Dataset in RLDS format.
👀 RDT-2 achieved zero-shot cross-embodiment generalization - First foundation model capable of zero-shot deployment on unseen robot embodiments for simple open-vocabulary tasks like picking and placing objects. Enabled by scaling up UMI data collection methods. (🙏 Harsi Singh Sandhawalia @ Yaak)
🤩 Must see: the Limx Dynamics Oli humanoid (“for a price of a small car”, Pierre Chapuis) and China’s G1 humanoid demo
Programming
🧠 “The Kumbaya Paradox” analyzed vibe coding movement - Analysis argued that the movement’s promise to make everyone productive through part-time coding won’t move the needle for 99% of non-tech professionals. The real problem isn’t who codes, but what gets coded. (🙏 Julien Mangeard @ Plakar)
👩💻 Claude Sonnet 4.5 released as best coding model - Anthropic launched Claude Sonnet 4.5, positioning it as the world’s best coding model, strongest for building complex agents, and best at computer use. The model showed substantial gains in reasoning and math capabilities. (🙏 Robert Hommes @ Moyai, Charly Poly @ Inngest)
“Claude Code just killed Cursor’s major feature with their breakpoints support” Charly Poly @ Inngest
Also:
📚 AI development patterns repository published - Comprehensive collection of AI-assisted software development patterns organized by implementation maturity and lifecycle phases, including Foundation, Development, and Operations patterns with practical examples and anti-patterns. (🙏 Nnenna Ndukwe @ Qodo)
Cursor 1.7 introduced agent autocomplete and browser controls - Major update enabled Cursor to control browsers for taking screenshots, improving UI, and debugging client issues. Autocomplete suggestions appeared when writing prompts based on recent changes.
opencode + GLM 4.6 emerged as Claude Code alternative - Combination provided Claude Code-like functionality at insanely cheap prices with better terminal UI. Now supports Hugging Face tokens for authentication.
Geographic Hubs
🇫🇷 Lyon TechLunch.exe discussed at LDLC’s HQ!

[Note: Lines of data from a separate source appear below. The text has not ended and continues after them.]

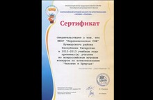 По итогам Всероссийского конкурса "Человек и Природа" в 2012-2013 учебном году стали призёрами ученики нашей школы Ризванов Булат - 6 класс и Шарафиева Тансылу - 7 класс. Поздравляем этих учащихся и их руководителя Набиева Расила Газизовича с достигнутым успехом.
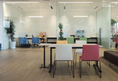 当社製品の採用理由:お一人様席、ファミリーゾーン、商談ゾーン等目的に合わせてくつろげるようなデザイン性のある家具を選びました。
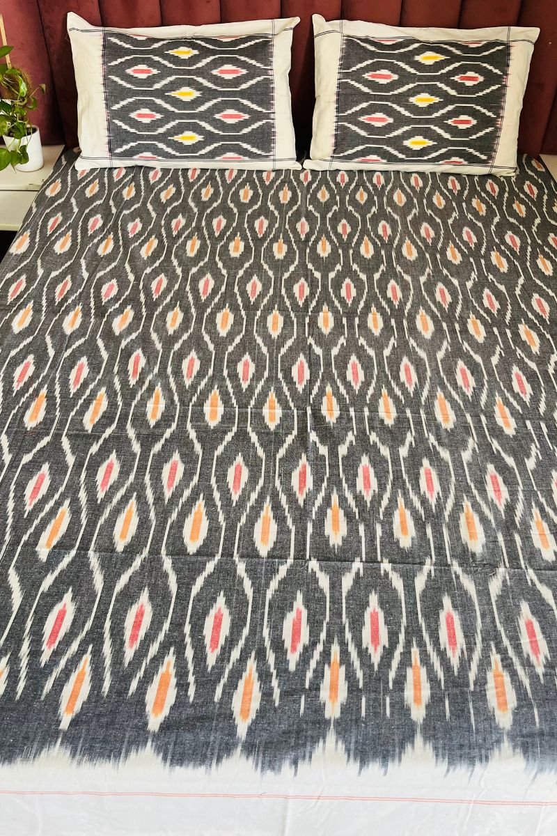 - Bring home the timeless charm of handcrafted elegance with our Ikat Double Bed Sheet with Pillow Covers. 100% cotton fabric woven using traditional Ikat techniques, this bed cover blends rich craftsmanship with modern minimalism.
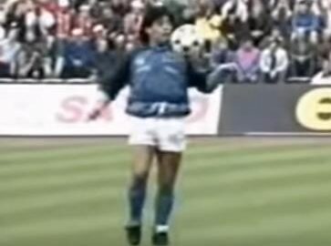 Fantasticul Maradona i-a făcut pe ceilalţi fotbalişti să îngheţe, în momentul în care jongla mingea pe ritmul melodiei „Live Is Life”
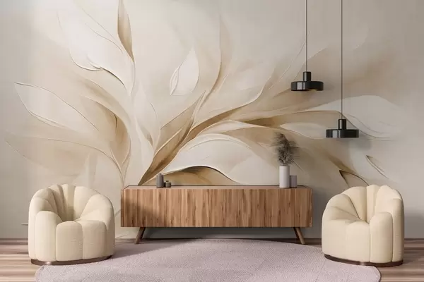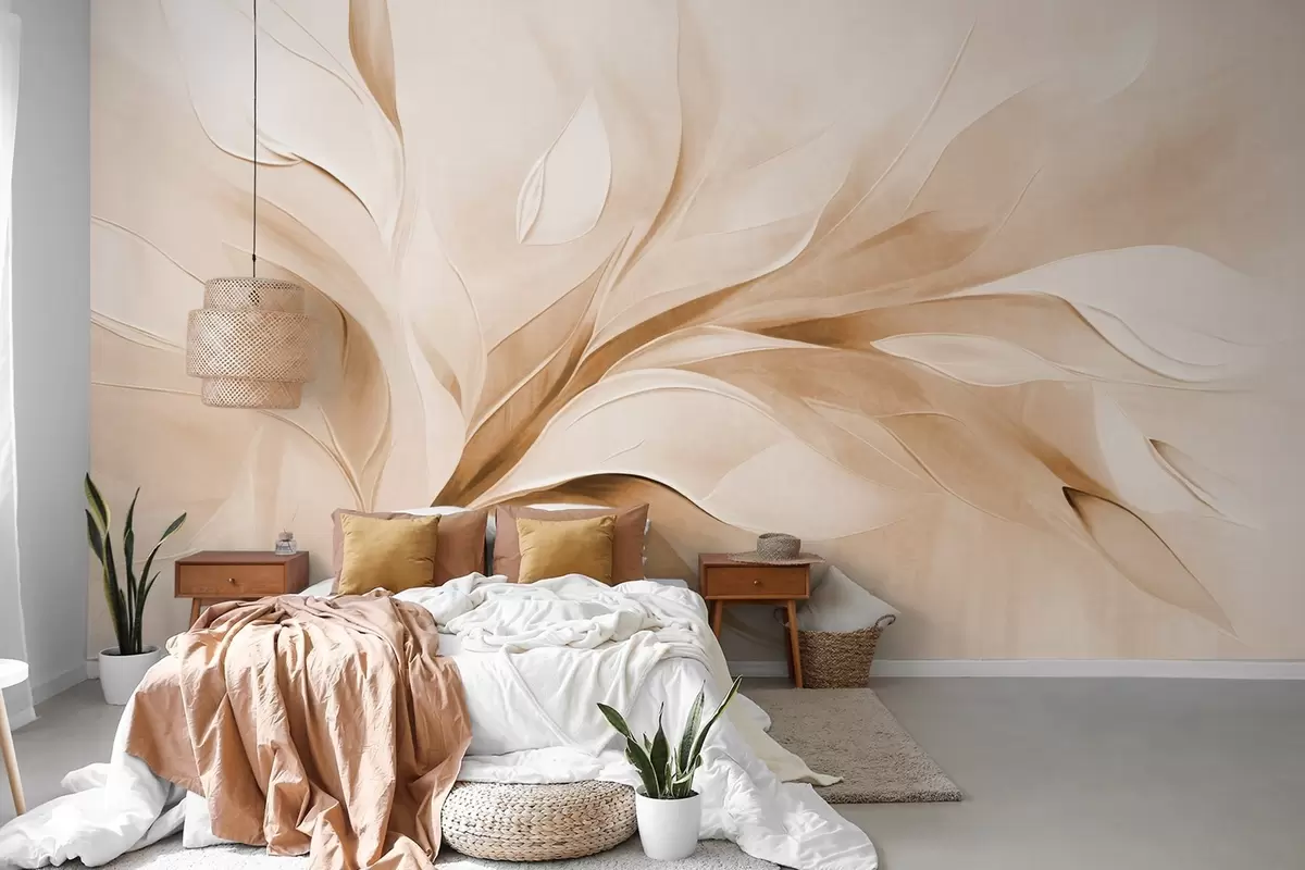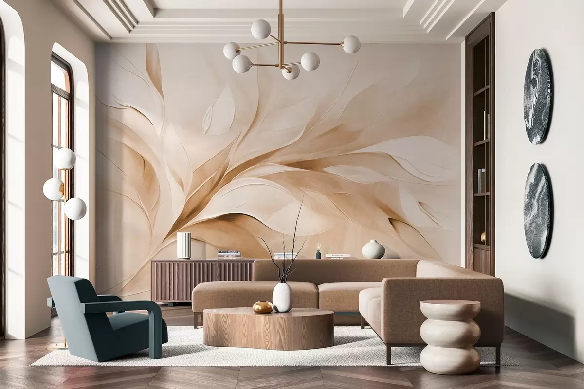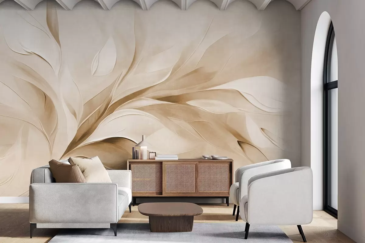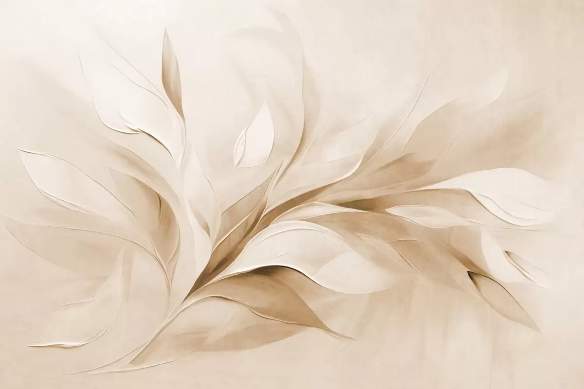 Fototapet Abstrakt texturerad målningsstil med beige och vita flödande löv Nr. w09765v1

🇺🇸 San Francisco members active - Arnaud Breton, Daniel Huynh, and Louis Abraham
🇸🇪 Stockholm: Great to see François Lecroart @ Lemlist and Timothy Lindlom @ Natively enjoying a drink by the NordicJS.
New Members
🇫🇷 Joffrey Villard - Software Engineering @ Collibra. Information theory PhD turned Data Analyst and Software Engineer, former co-founder at Husprey. Based in Lyon, France.
🇳🇱 Thomas Kluiters - AI @ Juvoly, working on SOTA European STT for healthcare. Software engineer turned AI engineer specializing in speech model inferencing and training. Based in Leiden, Netherlands.
🇳🇱 Alina Dumitrache - from Clobr and talented operator of the Tech Makers’ tech community. If you’re in Amsterdam, reach out to her.